Science is one of the major scientific journals; being in a position to try to be published there was already a major achievement in my career. We were rejected.
The critiques were strong and detailed.
We rewrote most of the article, reorganised the figures, and the supervisors of the project were able to add gene expression data from the NASA Twin Study that corroborated our hypothesis. We decided to send it to CELL, and by luck these pushbacks made the publication date close to the anniversary of the 20 years of the International Space Station.
After some back and forth, CELL decided not only to accept the article but also to do a whole special edition commemorating the ISS anniversary and to put the article on their cover of the November 2020 edition.
I called my family the moment I heard of it; I was so agitated they were worried I was going to have a heart attack.
It was three years of hard work for free, most of it on my weekends and free time. It was a side project when it started. It changed my life.
A little after that I became a lecturer, first at the University of Staffordshire and now at the University of Salford.
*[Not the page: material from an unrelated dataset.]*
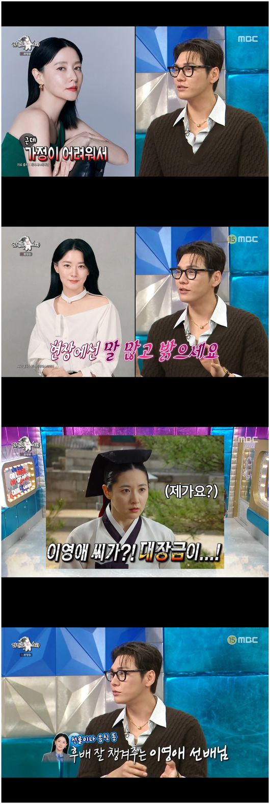 김구라는 “이영애도 말수가 없지 않냐”라며 현장 분위기를 물었다. 김영광은 “조곤조곤 말씀하시고, 현장에서 엄청나게 밝으시다. 선물도 많이 보내주신다”라고 말했다. 김구라는 “그러면 김영광은 그 곁에서 웃고만 있냐”라고 물었다. 김국진은 “이영애한테 예쁨 받는다며”라며 전해 들은 정보를 물었다. 김영광은 “옆에서 애교도 부리고 그런다”라고 말하다가 애교를 시키려는 분위기에 “살갑게, 그런다”라며 질겁했다.

I became an adjunct professor at the International Space University, I helped to found and lead a Topical Team in Space Omics funded by the European Space Agency, and I was accepted into the NASA STAR training program and have a diploma to show for it.
So yes, I think it is fair enough to call myself a Space Biologist nowadays.
People normally don’t tell you the hard parts, the failures in the process. The nights before presentations when I could not sleep, afraid that people would see something wrong in my hypotheses or analysis and the whole castle would crumble. The difficulties of doing that as an immigrant. All the times the situation stood on a knife edge.
I had support, I was lucky, and I was as prepared as I could be. When a chance presented itself to me, I took it the best I could. Maybe something similar but better will happen with you. I hope it will.